AIM OF THE EXERCISE: Restate word for word the section of the entries that opens at the line containing "まずはそちらのプロジェクトについて 三瓶社長からお話しいただくのはいかがでしょうか。 |" and closes at the line containing "கரோனா வைரஸ் பாதித்த", both lines kept, pictures dropped.

RECORDS TO USE:
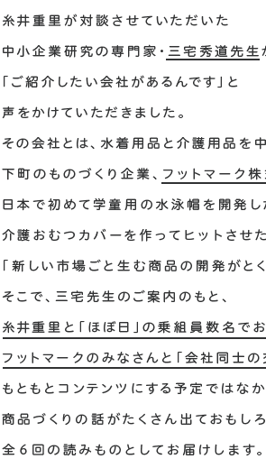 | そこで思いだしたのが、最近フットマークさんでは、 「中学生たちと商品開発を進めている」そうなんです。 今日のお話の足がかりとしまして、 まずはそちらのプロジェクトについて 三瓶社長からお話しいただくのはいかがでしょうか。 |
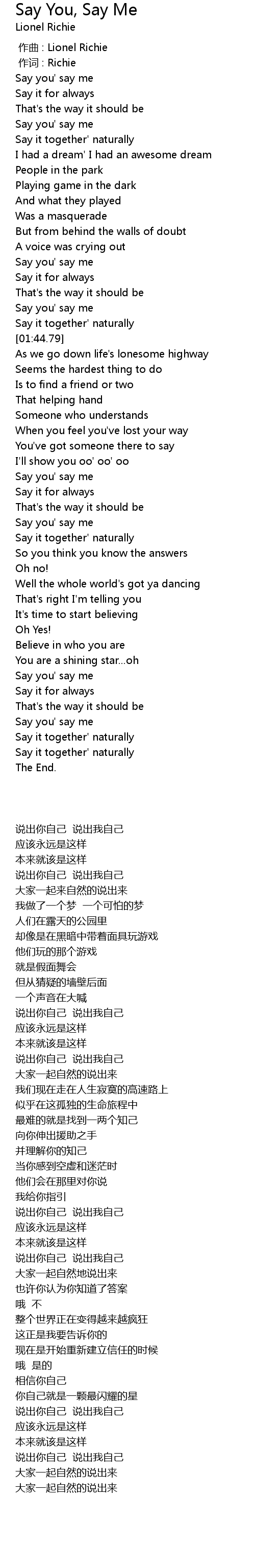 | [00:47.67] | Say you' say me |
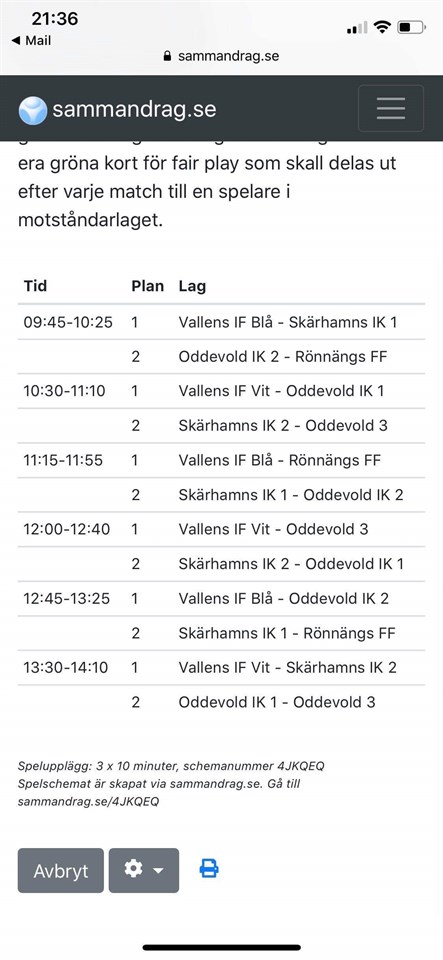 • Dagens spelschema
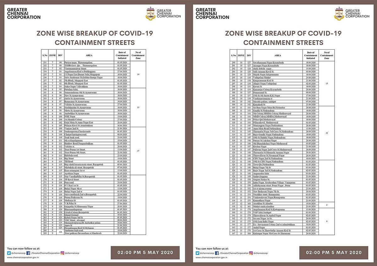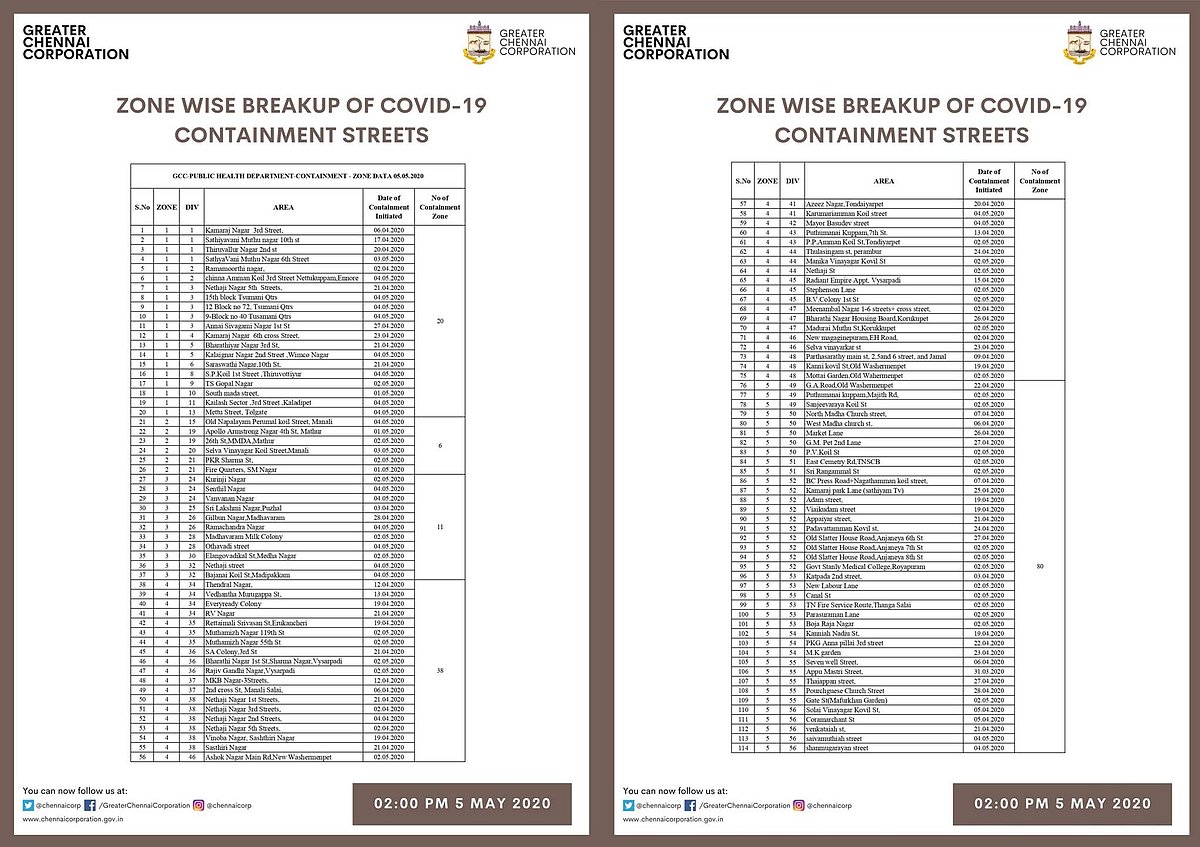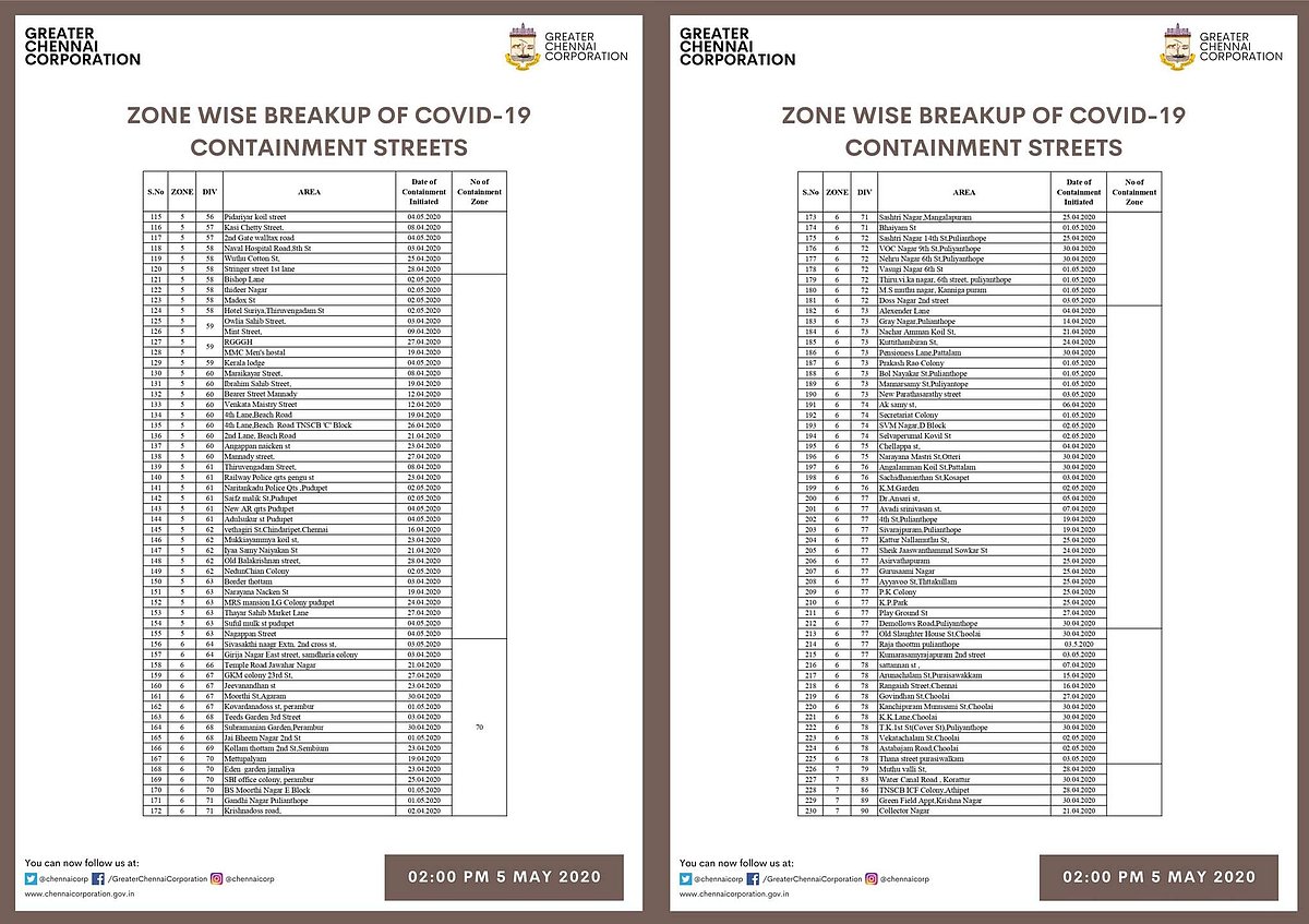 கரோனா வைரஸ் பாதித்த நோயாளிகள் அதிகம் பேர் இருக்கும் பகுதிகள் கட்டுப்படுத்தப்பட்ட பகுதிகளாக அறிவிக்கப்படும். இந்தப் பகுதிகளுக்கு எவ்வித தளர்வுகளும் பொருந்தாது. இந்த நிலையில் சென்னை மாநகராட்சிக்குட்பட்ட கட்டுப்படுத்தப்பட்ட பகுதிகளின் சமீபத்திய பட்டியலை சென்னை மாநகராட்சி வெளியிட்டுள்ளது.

* * *

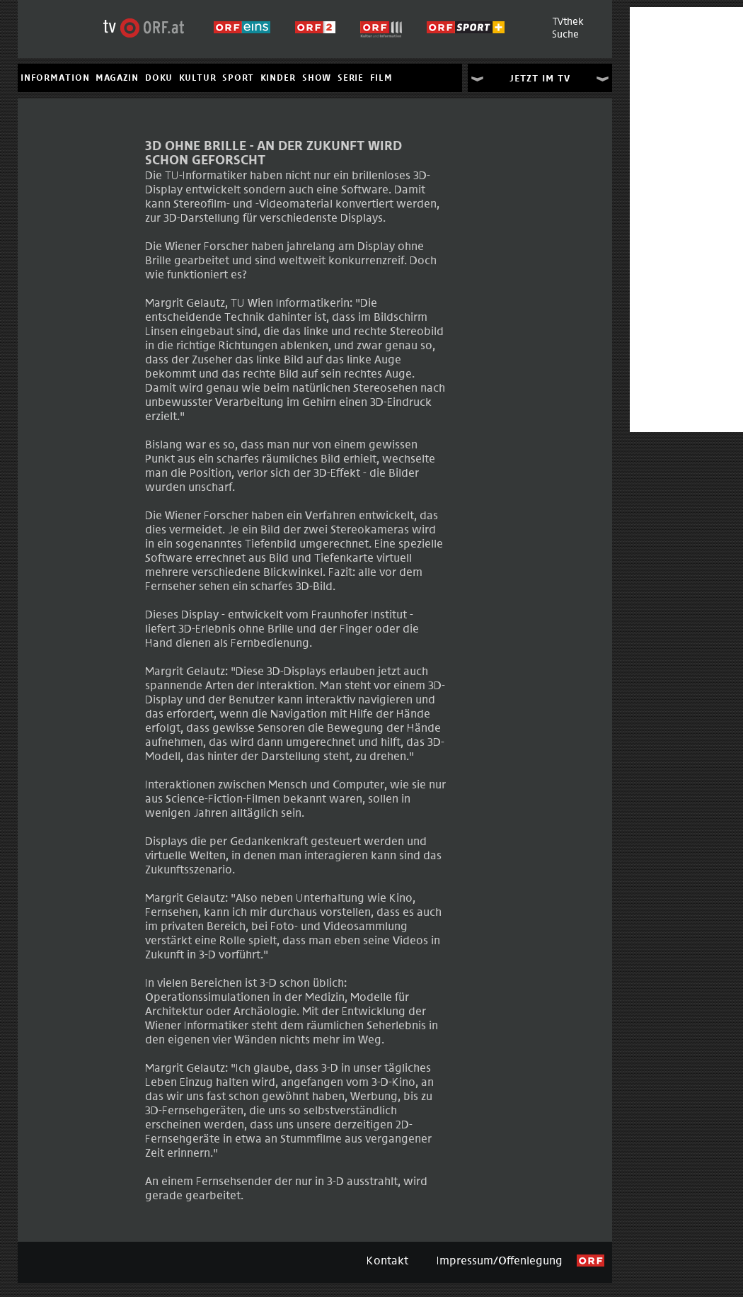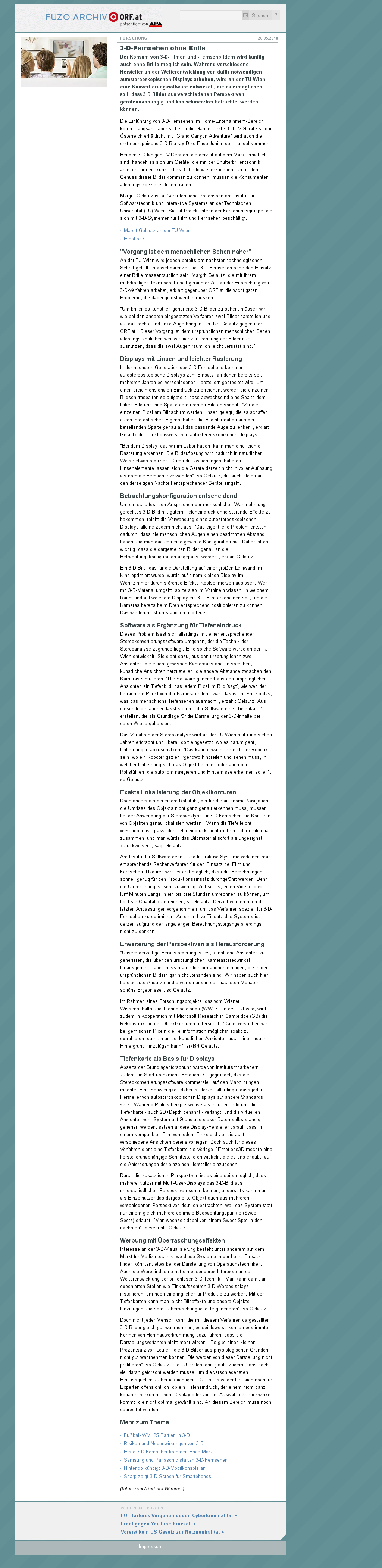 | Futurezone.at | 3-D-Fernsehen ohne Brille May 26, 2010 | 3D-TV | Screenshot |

SOLUTION FOR THIS EXERCISE:
 | そこで思いだしたのが、最近フットマークさんでは、 「中学生たちと商品開発を進めている」そうなんです。 今日のお話の足がかりとしまして、 まずはそちらのプロジェクトについて 三瓶社長からお話しいただくのはいかがでしょうか。 |
 | [00:47.67] | Say you' say me |
 • Dagens spelschema
 கரோனா வைரஸ் பாதித்த நோயாளிகள் அதிகம் பேர் இருக்கும் பகுதிகள் கட்டுப்படுத்தப்பட்ட பகுதிகளாக அறிவிக்கப்படும். இந்தப் பகுதிகளுக்கு எவ்வித தளர்வுகளும் பொருந்தாது. இந்த நிலையில் சென்னை மாநகராட்சிக்குட்பட்ட கட்டுப்படுத்தப்பட்ட பகுதிகளின் சமீபத்திய பட்டியலை சென்னை மாநகராட்சி வெளியிட்டுள்ளது.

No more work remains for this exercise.